**Description of the task:**
Every line from the start of the entries up to and including the one bearing "Genseren har en" must be printed verbatim, without the pictures.

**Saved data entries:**
Content starts
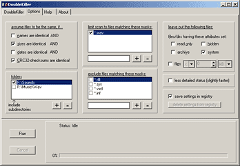 Если главное окно отвечает за результаты, то вкладка Options отвечает за весь смысл поиска. Именно здесь пользователь определяет, какие файлы считать одинаковыми, какие папки сканировать, какие маски учитывать, что исключать и как ограничивать выдачу. У DoubleKiller нет отдельного мастера перед запуском: всё управление сосредоточено здесь.
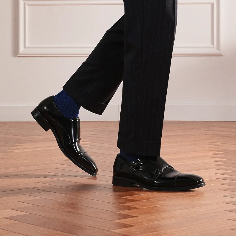 TRUFFAUT 리파인드 스퀘어 토 Monk 신발 정장화 남성 블랙 - POIZON
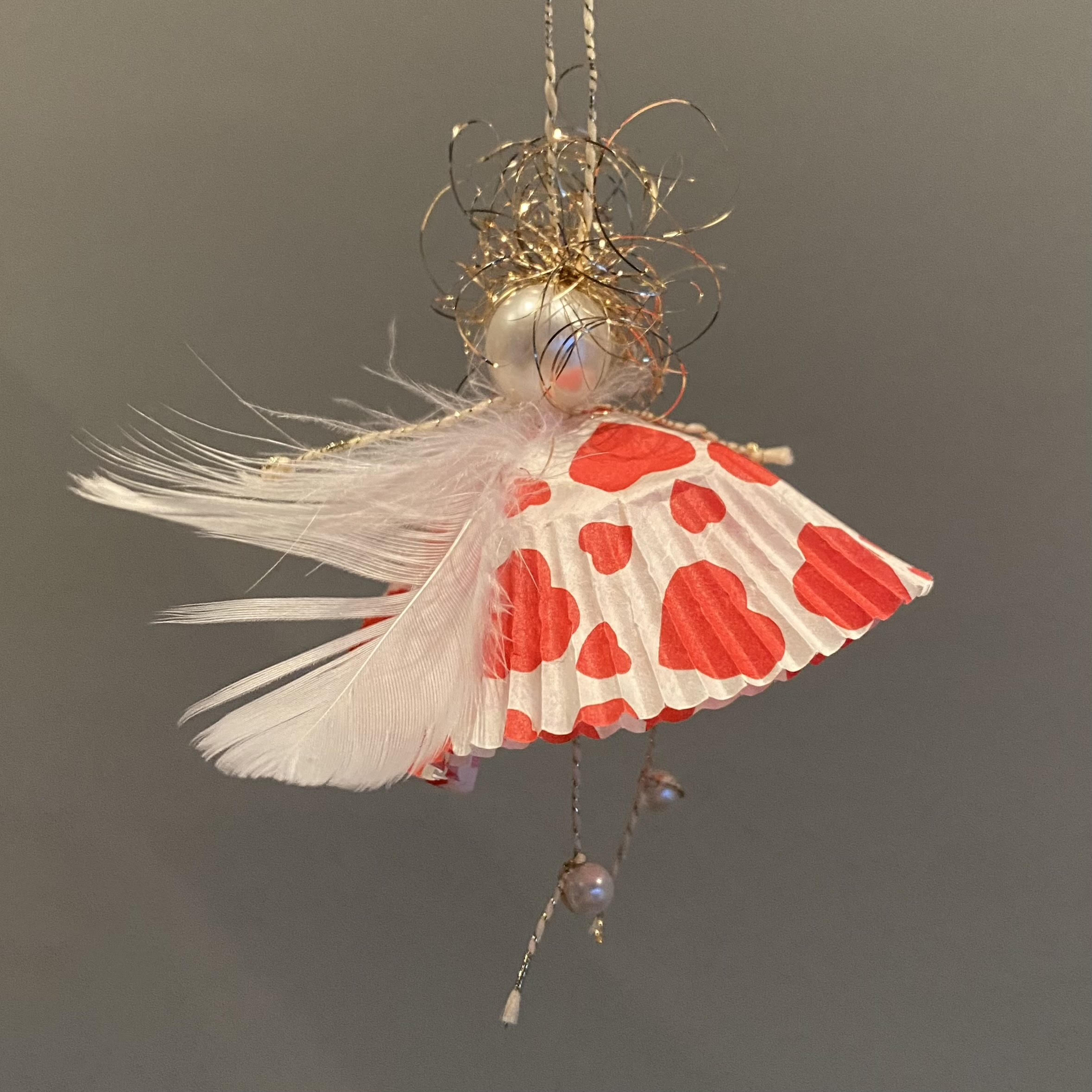 Selbstgemachter hängender Engel aus Muffinförmchen mit Herzmotiv mit Perlenkopf, Engelshaar und Flügel aus Federn sowie
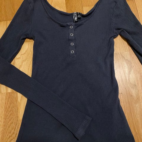 Genseren har en veldig åpen hals og knappedetaljer foran.
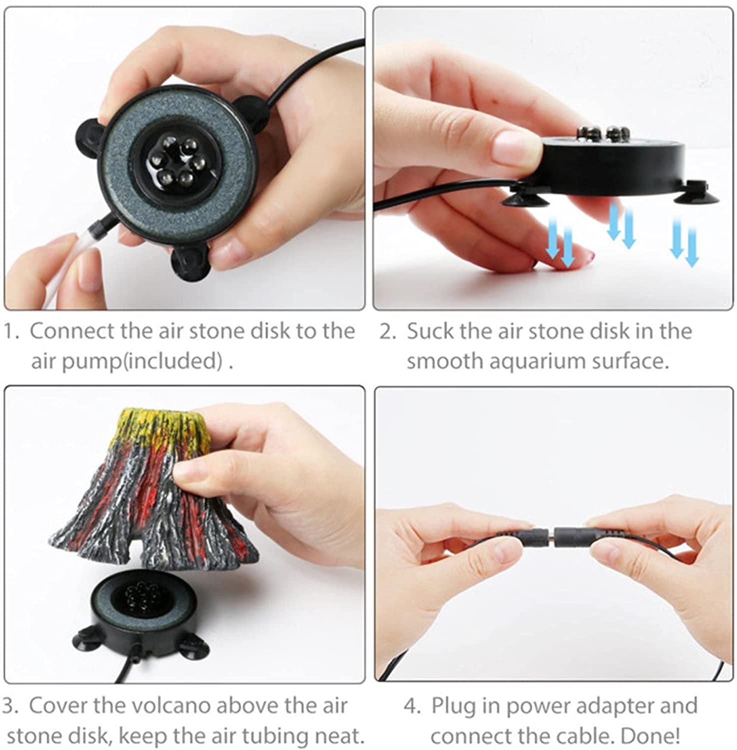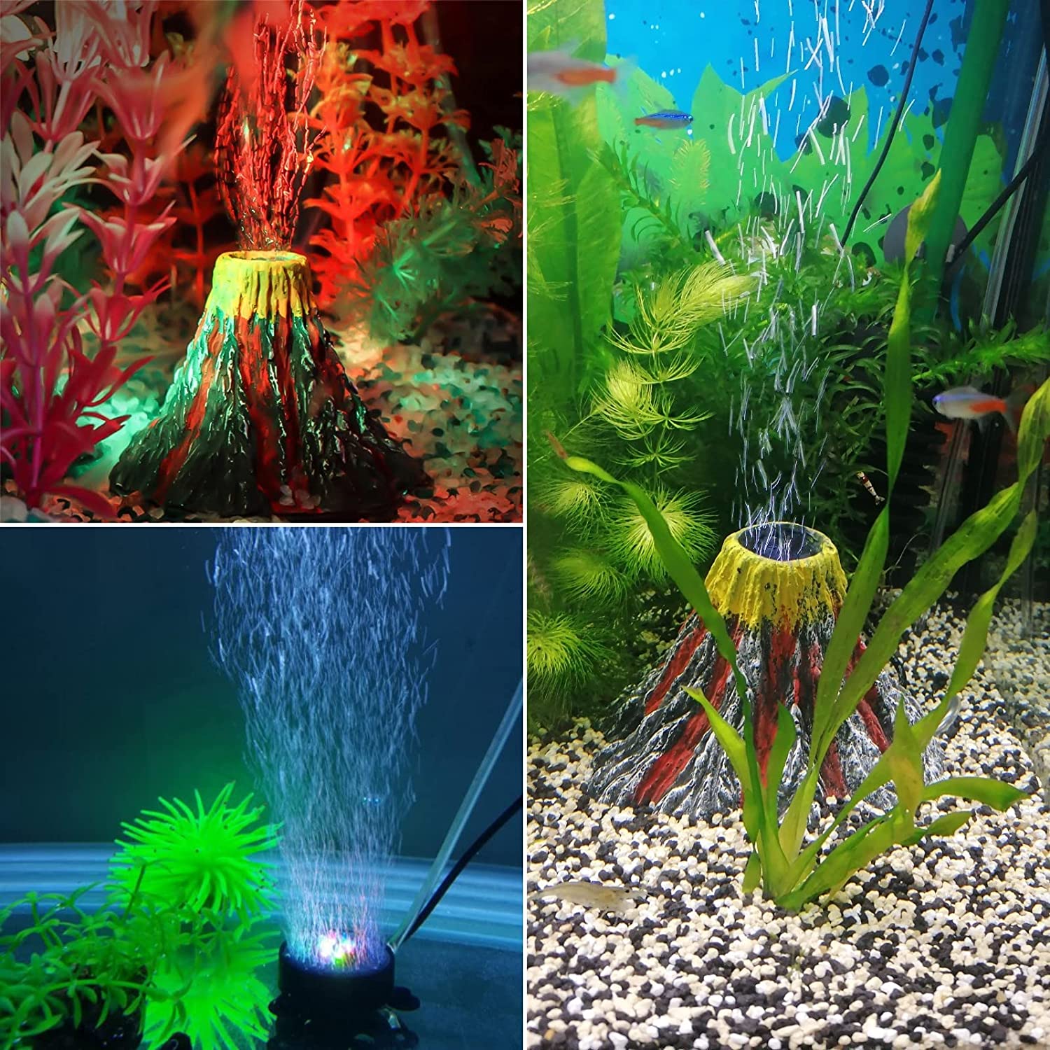 Aquarium Air Bubble Light Aquarium Stone Disk with Air Pump Volcano Ornament LED Air Stone Light with 6 LEDs Aquarium and Fish Tank Decoration Kit
Content ends
**Answer below:**
 Если главное окно отвечает за результаты, то вкладка Options отвечает за весь смысл поиска. Именно здесь пользователь определяет, какие файлы считать одинаковыми, какие папки сканировать, какие маски учитывать, что исключать и как ограничивать выдачу. У DoubleKiller нет отдельного мастера перед запуском: всё управление сосредоточено здесь.
 TRUFFAUT 리파인드 스퀘어 토 Monk 신발 정장화 남성 블랙 - POIZON
 Selbstgemachter hängender Engel aus Muffinförmchen mit Herzmotiv mit Perlenkopf, Engelshaar und Flügel aus Federn sowie
 Genseren har en veldig åpen hals og knappedetaljer foran.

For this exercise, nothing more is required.